-- Extracted data follows --

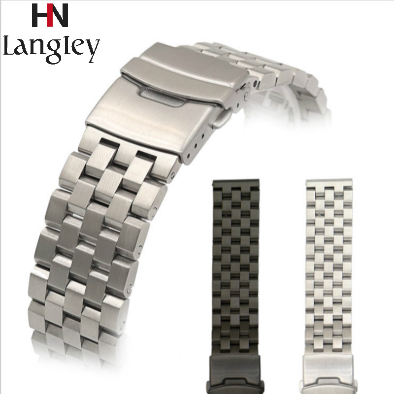 Solid Stainless Steel Watch Strap Bracelet 18mm 20mm 22mm 24mm 26mm Silver Brushed Metal Watchbands Women Men Watch Accessories with Tools
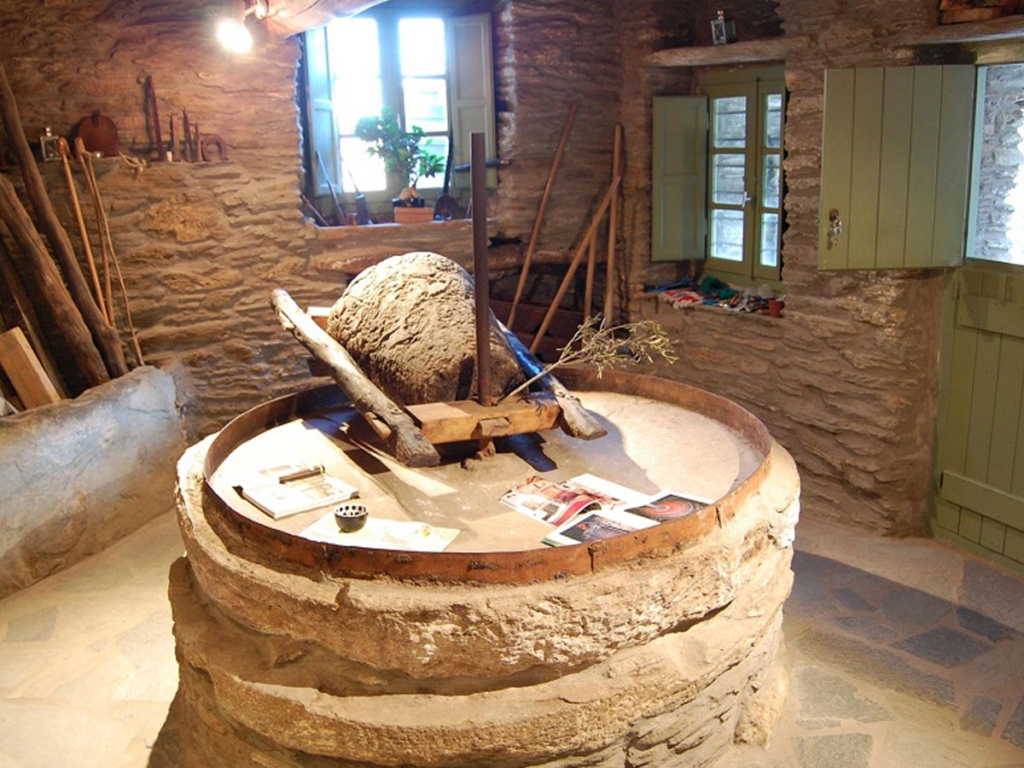 Στεγάζεται σε κτίριο περίπου 400 ετών που λειτουργούσε ως ζωοκίνητο ελαιοτριβείο έως το 1963. Αποκαταστάθηκε σύμφωνα με τον παραδοσιακό τρόπο κατασκευής κτιρίων στην Άνδρο και μετατράπηκε σε μουσείο, διατηρώντας όλον τον γνήσιο εξοπλισμό του. Ο επισκέπτης ξεναγείται διαδραστικά στην ιστορία της παραγωγής ελαιολάδου, έρχεται σε επαφή με γεύσεις και παίρνει μέρος σε τμήμα της διαδικασίας παραγωγής του.
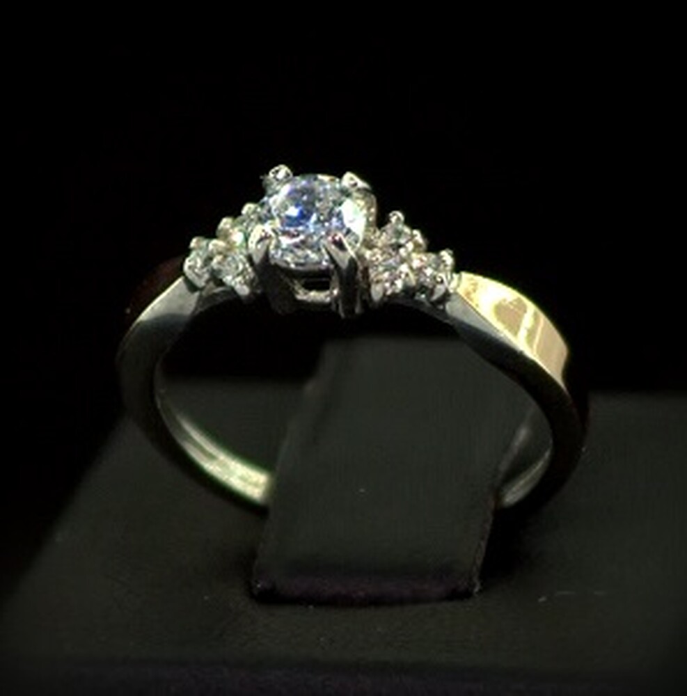 Серебряное кольцо 925 пробы с позолотой 375 пробы 1,95 г с белыми Фианитами 0,8 карат
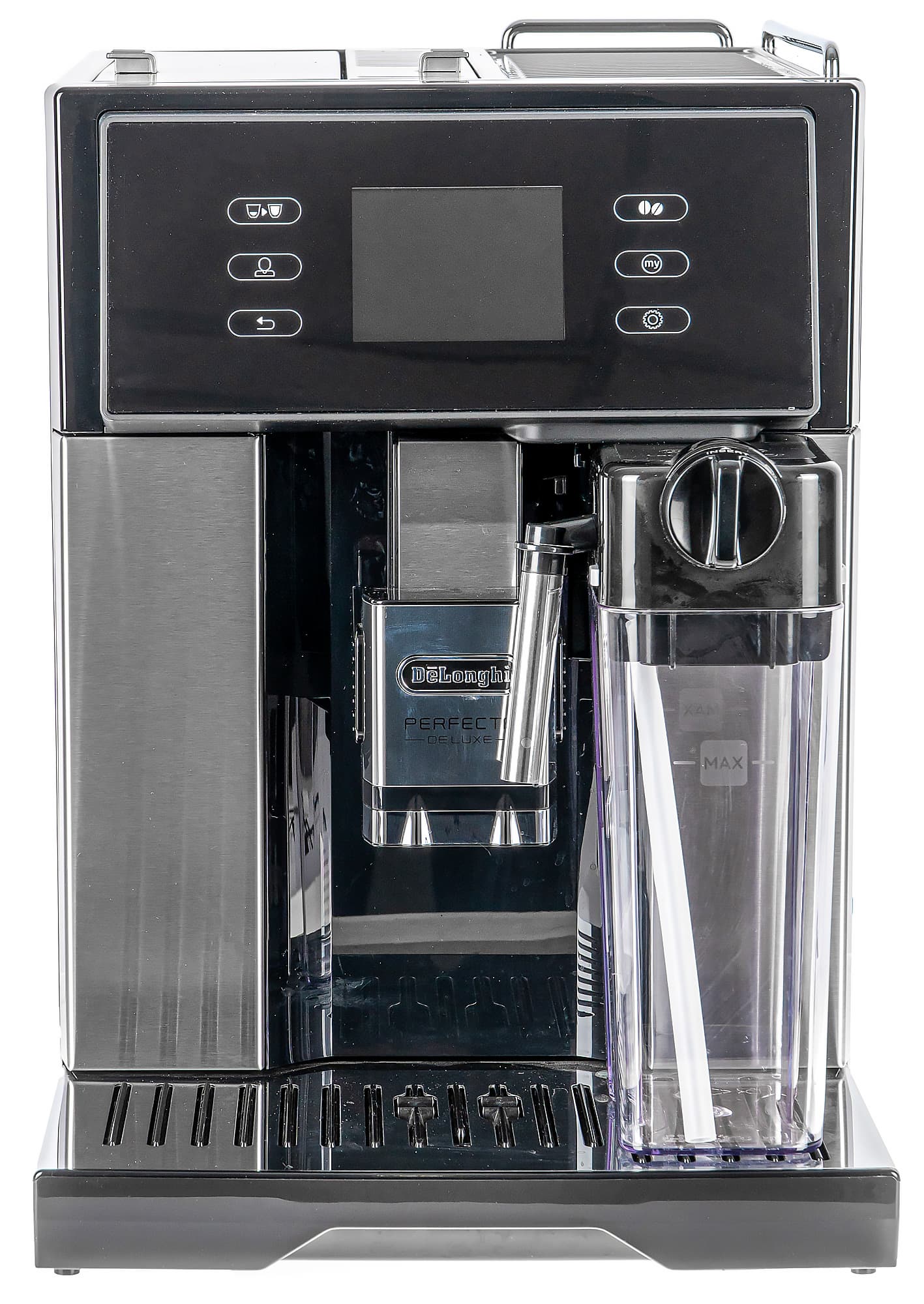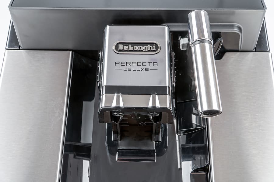 От младших моделей Perfecta (De’Longhi ESAM 420.40 и 420.80 Perfecta Evo) наша Deluxe отличается в первую очередь полноценным управлением с дисплея (без отдельно вынесенных сенсорных кнопок) и повышенным количеством металлических элементов в отделке корпуса.
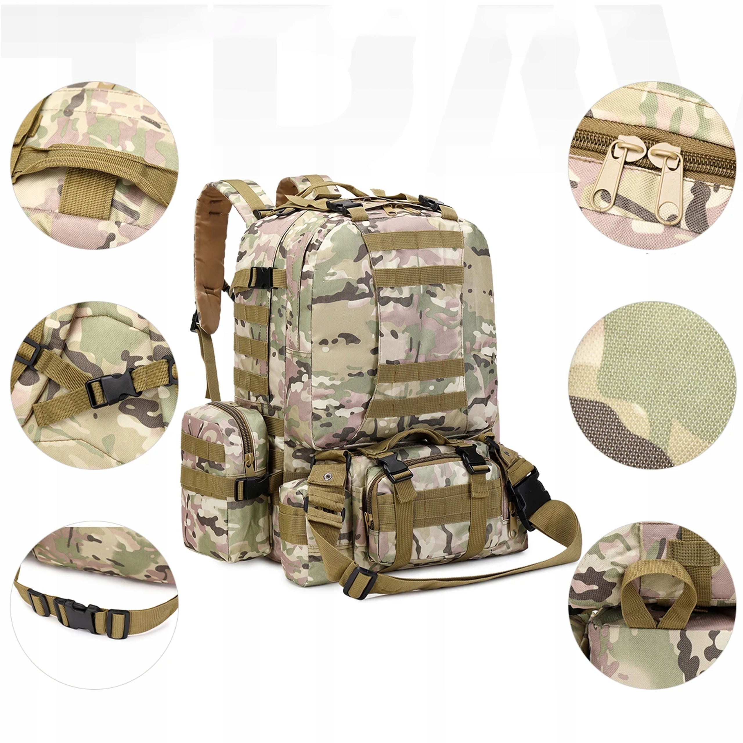 Функциональный и надежный, оснащен отделениями и карманами, закрывающийся на молнии, идеальный рюкзак для универсального использования: города, выживания, военного дела и туризма.
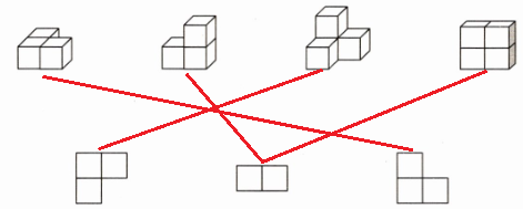 2. 下面组合图形从上面看到的分别是什么形状?请连一连。
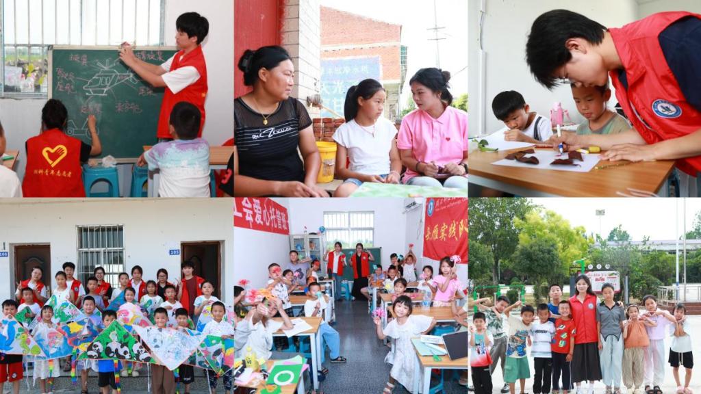 经济贸易学院:爱心托管筑暖巢,头雁飞入百姓家。2025年7月5日至25日,“头雁”实践队赴枣阳市鹿头镇郭营村开办暑期爱心托管班。期间,团队成员为助力乡村儿童全面发展,设计了红色教育、科学教育、绿色环保、安全防护、非遗手工、歌舞绘画等特色课程,深切关注乡村儿童的身心健康、兴趣培养与精神成长,带领孩子们探索更广阔的世界。同时,团队成员积极开展家访活动,与家长交流孩子表现、倾听期望需求,对需要帮助的孩子进行耐心引导、提供心理支持。家长称,爱心托管班让孩子收获知识,更感受到社会关爱和志愿者老师的暖心陪伴。三年接力,从“老师好”到“明年见”,队员们用实际行动在乡村振兴画卷上描绘出青春最亮丽的色彩。
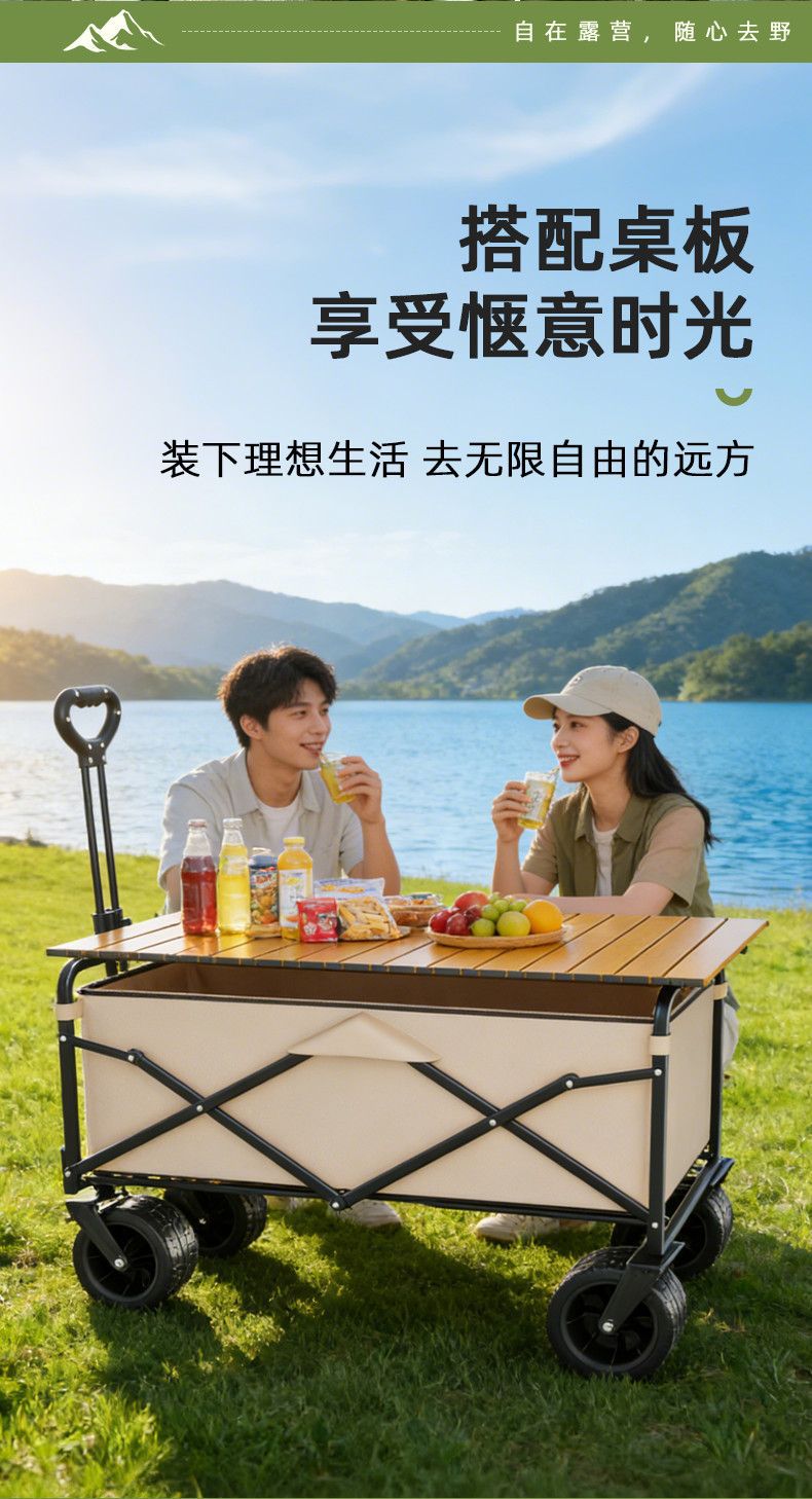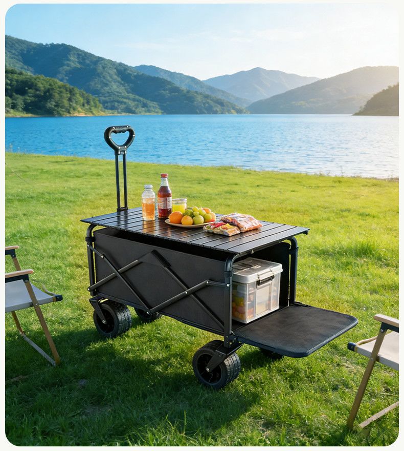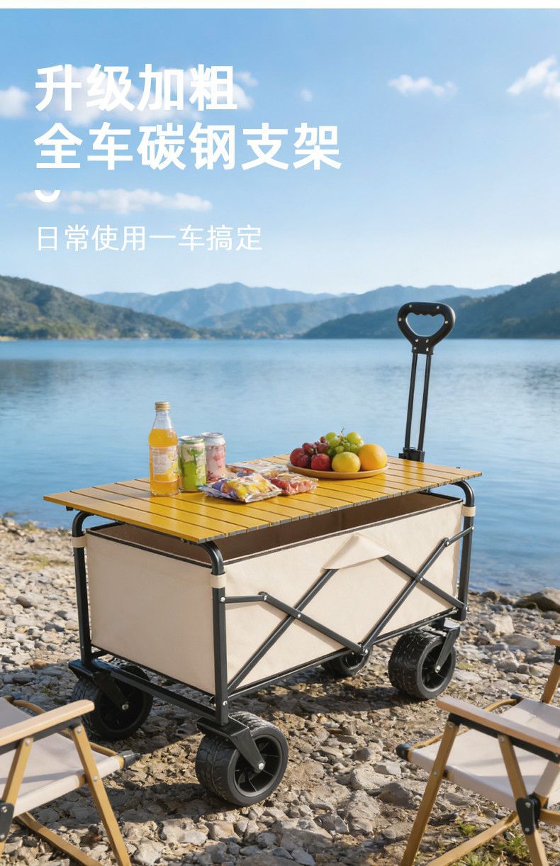 露營車戶外可折疊推車營地車野餐車拖車野營手拉桿擺攤小推車

-- Extracted data concluded --

An exact copy is needed of the stretch above that opens with the line containing "Серебряное кольцо 925" and closes with the line containing "От младших моделей"; the pictures are not part of it.

Finished exercise:
 Серебряное кольцо 925 пробы с позолотой 375 пробы 1,95 г с белыми Фианитами 0,8 карат
 От младших моделей Perfecta (De’Longhi ESAM 420.40 и 420.80 Perfecta Evo) наша Deluxe отличается в первую очередь полноценным управлением с дисплея (без отдельно вынесенных сенсорных кнопок) и повышенным количеством металлических элементов в отделке корпуса.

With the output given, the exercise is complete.